Verfassungsrechtliche Bedenken

Das Grundgesetz schreibt in Artikel 64 vor, dass die Minister den Eid „bei der Amtsübernahme“ leisten müssen. Die Bundesregierung habe die rechtliche Frage geprüft, ob eine nachträgliche Vereidigung zulässig sei, sagte Merz. „Wir haben diese Frage mit Ja beantwortet. Wir halten es für zulässig.“

Doch zahlreiche Verfassungsrechtler widersprechen. „Das ist ganz klar mit dem Grundgesetz nicht vereinbar“, sagte Sophie Schönberger von der Freien Universität Berlin der Deutschen Presse-Agentur. „Bis zur Vereidigung dürften die Minister das Amt nicht übernehmen. Amtsübernahme ist jede tatsächliche Übernahme von Aufgaben des Ministers. Die Übergabe des Ministeriums gehört schon dazu.“

Der Kölner Staatsrechtler Christoph Schönberger bezeichnete die Verschiebung in der „Frankfurter Allgemeinen Zeitung“ als „eine gefährliche Missachtung des Grundgesetzes und des Parlaments“. Er betonte: „Es ist nach dem Grundgesetz völlig eindeutig, dass der Eid nicht nach der Amtsübernahme stattfinden darf, sondern mit ihr zeitlich zusammenfällt.“

Keine unmittelbaren Konsequenzen

Trotz der Verfassungswidrigkeit rechnen Juristen nicht mit rechtlichen Folgen für die neuen Minister. Der frühere Präsident des Bundesverfassungsgerichts, Hans-Jürgen Papier, erklärte dem „Tagesspiegel“: „Eine Amtsübernahme ohne Eidesleistung verstößt zwar gegen die Verfassung, dies hätte aber keine unmittelbaren rechtlichen Konsequenzen.“ Die Rechtsgültigkeit der Handlungen der Minister bleibe von der fehlenden Vereidigung unberührt.

Der FDP-Vorsitzende Wolfgang Kubicki kritisierte das Vorgehen scharf: „Niemand hat Friedrich Merz zu diesem missglückten politischen Stunt gezwungen. Es ist seine Verantwortung, eine Lösung zu finden.“ Er schlug vor, dass bis zur Vereidigung andere Kabinettsmitglieder die Amtsgeschäfte kommissarisch führen sollten – eine „saubere Lösung“.

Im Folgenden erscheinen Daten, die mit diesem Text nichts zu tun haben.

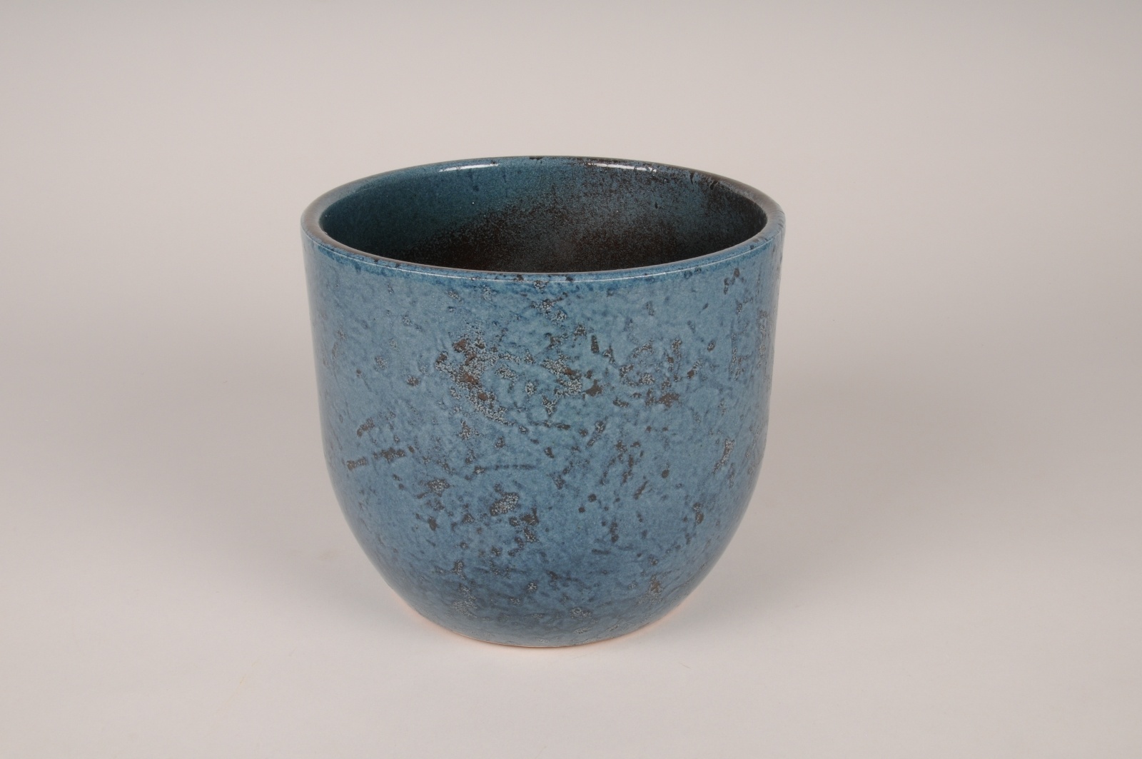 Dark blue glazed ceramic vase diameter 19cm height 16.5cm Opening diameter 17cmBase diameter 14cm

Ähnlich äußerte sich der Staatsrechtler Stefan Ulrich Pieper in der „Rheinischen Post“: „Der saubere Weg wäre, dass die Amts- und Geschäftsübernahme erst dann erfolgt, wenn auch die Vereidigung stattgefunden hat.“ Eine Übernahme ohne Eid sei „verfassungsrechtlich unsauber“.

Kostengründe als Motiv

Merz selbst begründete das ungewöhnliche Vorgehen mit der Vermeidung von Kosten. Eine Sondersitzung des Bundestags in der Sommerpause würde die Rückkehr aller 630 Abgeordneten nach Berlin erfordern. „Es würde, glaube ich, ein großer Teil der deutschen Öffentlichkeit nicht verstehen, wenn wir 630 Abgeordnete aus den Ferien nach Berlin zurückbeordern müssten, um eine Vereidigung von zwei neuen Bundesministerin vorzunehmen“, sagte der Kanzler.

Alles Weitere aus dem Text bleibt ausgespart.